2020-06-21 20:13:14 +00:00
Jeremy Stanley
0a4712f9a8 Be more thorough about file copyrights
Add a copyright header to the .gitignore file with start and end
years determined from its commit history. Add copyright headers for
the current year to overrides.log and qa.log, and also add
functionality to correlate() which adds these headers from now on.
Update the copyright year on overrides.conf, which was missed in
8a37edd and later commits. All files tracked in this repository now
declare a copyright and refer to the main LICENSE file for licensing
terms.
2020-06-21 13:46:39 +00:00
Jeremy Stanley
62b0ce6d9d Don't use "is" with a literal to test for equality
Solve a SyntaxWarning under Python 3.8 and later for use of the "is"
identity operator when comparing literals, by replacing with the
"==" equality operator.
2020-06-02 14:10:49 +00:00
Jeremy Stanley
28a5c0e1e6 Caching support for URLs with port numbers
When mangling URLs of fetched data to store in the local cache, only
split on the first colon so that URLs with port numbers in them are
properly differentiated. Previously, all URLs for the same domain
name landed in a single file if a port number was included, causing
incorrect results to be returned from the cache.
2020-05-31 15:11:32 +00:00
Jeremy Stanley
74a9ee62f6 Use a dedicated field for cached search timestamps
Fix a cache corruption issue by using a new "cached" field to hold
the timestamp for cached correlation search results. Previously the
"description" field was being overloaded, but this could cause the
cache to no longer load because of duplicate fields.
2020-05-31 00:24:10 +00:00
Jeremy Stanley
5515f756d4 Decode retrieved files as UTF-8 even on Python 2
Python 2.7 is likely the only Python 2 anyone is using any longer
(even that's well past EOL upstream now), and reasonably recent
versions of 2.7 it need the same decode hack as Python 3 anyway when
dealing with some retrieved content.
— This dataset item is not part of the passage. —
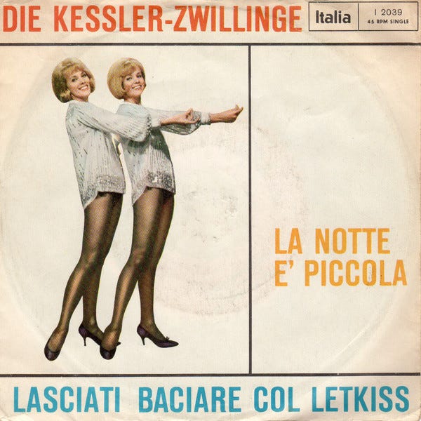 In ogni caso, dal punto di vista artistico, per me non c’è “Dadaumpa” che tenga, io penso solo al “Letkiss”. Il Letkiss o Let’s kiss o Letkis o Letkajenkka è un ballo finlandese che ebbe diffusione nei primi anni ‘60, una danza figlia del precedente Bunny Hop (nato alla Balboa High School di San Francisco nel 1952) in cui i movimenti di alcune parti di gambe e piedi, talloni e punte, è particolarmente importante. Come capirete si tratta dunque di qualcosa di perfetto da affidare alle gambe mediatiche e moltiplicate più famose d’Italia, e mentre tutte e tutti sono intenti a darsi al twist e al chachacha, le Kessler optano per un Letkiss, di certo meno mainstream. Il pezzo esce in italiano con testo adattato per noi da Vito Pallavicini, paroliere vigevanese e firma di molte uscite di successo dell’epoca, tra cui non ultimo il testo di “Azzurro” di Paolo Conte. Siamo nel 1963 e “Lasciati baciare col letkiss” è il lato B del 45 giri di “La notte è piccola”, sul disco campeggia la scritta: Le gemelle Kessler vi presentano il letkiss, il ballo dell’anno, la musica è infatti quella originale di Erik Lindström: ha qualcosa di crudele, di drammatico, di spaventoso, qualcosa che si contrappone emotivamente al testo in modo molto spiccato e inevitabilmente accentuato dalle due voci che cantano all’unisono.
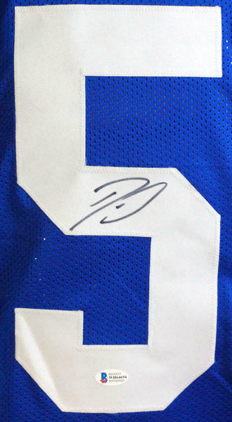 Darius Leonard Autographed Blue Pro Style Jersey -Beckett W *Black THIS IS NOT AN NFL JERSEY. THIS HAS NO TAGS, NO LOGOS, NO EMBLEMS. This is a hand autographed Darius Leonard custom made (non name brand) Authentic Style Jersey with stitched letters and numbers. This item has a Beckett Witness Authentication, which comes with a numbered and a matching Certificate of Authenticity. You can view this item on the Beckett website, it shows when and where the item was signed. It was signed either at a public autograph appearance or a private signing. This is a stock photo of the item. Although you may not receive this exact item, the item you receive is virtually identical, brand new , and in great shape. Jersey size is XL.

Just get rid of the version
detection and do it under any version.
2020-05-31 00:17:36 +00:00
Jeremy Stanley
fd4b0ae5b2 Add weather zone hkz000 for Hong Kong Observatory
Thanks to Bill Agee for suggesting the Hong Kong Observatory's
weather forecast page. A custom filter is implemented to strip the
forecast text from the HTML page in which it is embedded (if anyone
finds a plaintext version published at an alternate URL, let me know
and I'll rip out the extra routine).
2020-05-31 00:16:07 +00:00
Jeremy Stanley
8e0d7c6e1a Add some fresh overrides
Override a number of active weather stations where searches of
various online sites return names and locations for them which are
not provided by the included sources.
2020-05-24 19:18:35 +00:00
Jeremy Stanley
8a37eddc06 Update correlation sources
Remove the stale metar.tbl and zonecatalog.curr.tar, which the USA
NWS hasn't been updating for many years, and add the public domain
airports.csv file from the amazing ourairports.com community. Also
update to latest (2019) USA Census Bureau location data, March 2020
WX zone information, cooperative sites list from 2018 (latest), and
regenerated active station and zone lists. Loss of the zonecatalog
necessitates directly applying various forecast and alert URL
patterns, though some which appeared unused by NWS for many years
were not included.

Clear out all old overrides, since the vast majority are obsoleted
by refreshed data, and build fresh correlation sets from the above
sources. Basically all sites have switched from HTTP to HTTPS, so
update URLs for this too.
2020-05-24 16:27:58 +00:00
Jeremy Stanley
1ec2848c20 Add FAQ entry about --headers values
Be as clear as possible about what the --headers command-line option
or headers configuration option does, and what sorts of values are
valid for it.
2017-09-16 15:47:03 +00:00
Jeremy Stanley
2a84a53f4a Fix Py3K compatibility for compressed correlation
When run under Python 3.x, explicitly decode decompressed
bytestreams if reading pre-compressed correlation data files.
2017-03-10 15:13:31 +00:00
Jeremy Stanley
915f1b8d7d Update release notes and docs for 2.3 release 2016-11-08 00:03:25 +00:00
Jeremy Stanley
96808c892f Correct NOAA WX weather product URL regression
One piecemeal use of the retired weather.noaa.gov/pub URL was missed
in the correlate() function, causing it to be reintroduced for
zone-based reports (such as forecasts) in a subsequent correlation
dataset update. Correct the invalid URLs in the zones file, and
update the correlation routine to embed the correct and working
tgftp.nws.noaa.gov hostname instead.
2016-11-07 15:54:17 +00:00
Jeremy Stanley
aafdd48e1b Update release notes and docs for 2.2 release 2016-10-05 01:26:54 +00:00
Jeremy Stanley
840b91b4fd Correlation set update
* overrides.conf: Latest source data corrections from
script-assisted research.

These remaining files are generated data. Normally they're not
something I feel good about committing into version control, but in
this case it allows for logging and tracking deltas in the data over
time...

* airports: Removed 18 airports corresponding to nonexistent
stations.

* stations: Removed 326 stations with no recent conditions, added
429.

* zones: Removed 45 zones with no recent forecasts, added 104.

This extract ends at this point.